Think different.


Les pommes, finalement, illustrent bien ce que je veux dire. Bien avant mon premier Mac ou mon premier ailPhone*, j'ai vécu leur diversité. Je n'en connaissais pas encore les noms, mais on distinguait les pommes à croquer, celles à compote, d'autres dont ma grand-mère faisait de délicieuses tartes, les petites cabossées et astringentes qui finissaient au pressoir… Les brochures officielles, celle qui nous recommandent (sans nous donner envie) de manger cinq fruits et légumes par jour, m'expliquent doctement qu'il existe "trente variétés de pommes cultivées en France". En réalité (en cachette?), on en recense plus de sept-cents rien que dans l'Hexagone, miraculeusement préservées pour certaines dans des vergers conservatoires dont on ne dira jamais assez l'extraordinaire utilité. 

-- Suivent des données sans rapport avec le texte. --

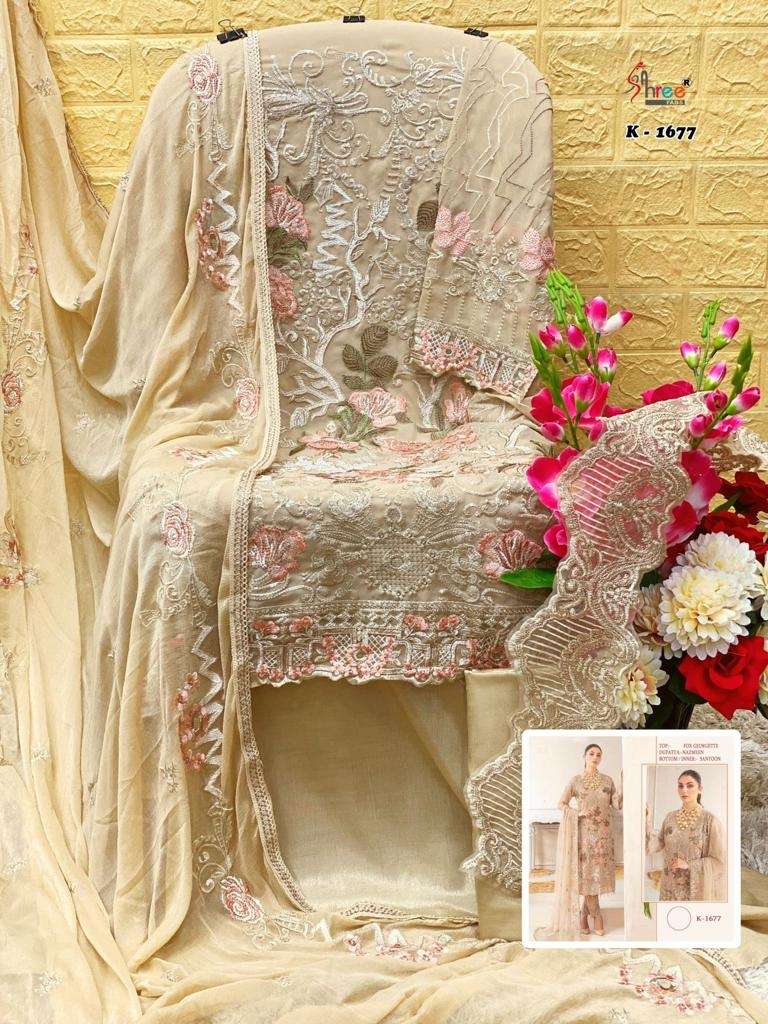BRAND NAME SHREE FAB SURAT DNOÂ? K-1677 TOP-FOX-GEORGETTE-with embroidery work DUPATTA -NAZMEEN- WITH-EMREODERY BOTTOM -SANTOON INNER SANTOON RATE = 1300/- DELLIVARYÂ -READY 100+ SINGLE |

Oui, moi qui suis un peu rustre, réfractaire en tout cas au polissage urbain, j'aime ce que me raconte ce fruit rustique et polymorphe. J'aime son culte de la diversité, et de la différence. Différentes variétés, différents usages et, différents goûts, qu'il s'agisse du goût de la pomme ou de celui qui la mange. Tous les goûts sont dans la Nature. Y compris dans la mienne.
Voilà pourquoi j'aime ce que je ne connais pas encore. Et j'aime par dessus tout qu'on me le fasse découvrir. Pour quitter la pomme, et aller vers le raisin, dans sa version jus fermenté, j'adore qu'un caviste (ou un sommelier) me guide vers des vins inconnus, des trucs qu'il est allé dénicher et qu'il est "le seul" à pouvoir m'offrir, qu'il me surprenne, m'étonne. C'est même le fondement de son pouvoir, sa raison d'être. Vous comprenez bien qu'un type qui vous propose la même bouteille que ses voisins, autant, pour se rassurer et voir des étiquettes connues, aller pousser un caddie ou fréquenter une chaîne de distributeurs de boissons comme Nicolas, la filiale de Castel.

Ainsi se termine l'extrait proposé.